▶ **AVAILABLE DATA**:
· · · ·

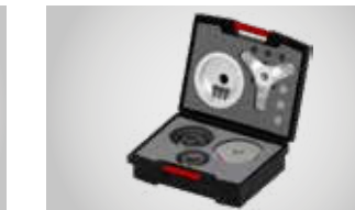
PN: 1695 656 569 Kit demo box per autocarri
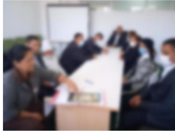
6-2-rasm. 41-maktab o'qituvchilari va ma'muriyati bilan uchrashuv
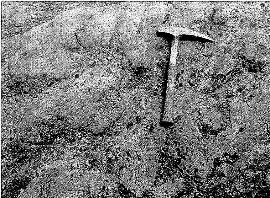
Fig. 3.—«Pillows» lobuladas empastadas en una matriz hialoclastítica y brechoide.

sobrepasan un milímetro, de plagioclasa (andesina) débilmente zonada, de oxihornblenda con inclusiones de opacos en el borde, y de augita ligeramente zonada. La matriz, tiene estructura traquítica bien desarrollada y está formada fundamentalmente por abundantes microlitos de plagioclasa, piroxeno, magnetita y algo de anfíbol. El accesorio principal, además de la magnetita, es apatito. La matriz, aunque de grano fino, tiene un grado elevado de cristalización, existiendo en ella muy poca fase vítrea.

· · · ·

▶ **WHAT YOU SHOULD DO**: Produce a verbatim copy of the lines from the one holding "hialoclastítica y brechoide." to the final line of the data, and nothing more.

▶ **ANSWER**:
Fig. 3.—«Pillows» lobuladas empastadas en una matriz hialoclastítica y brechoide.

sobrepasan un milímetro, de plagioclasa (andesina) débilmente zonada, de oxihornblenda con inclusiones de opacos en el borde, y de augita ligeramente zonada. La matriz, tiene estructura traquítica bien desarrollada y está formada fundamentalmente por abundantes microlitos de plagioclasa, piroxeno, magnetita y algo de anfíbol. El accesorio principal, además de la magnetita, es apatito. La matriz, aunque de grano fino, tiene un grado elevado de cristalización, existiendo en ella muy poca fase vítrea.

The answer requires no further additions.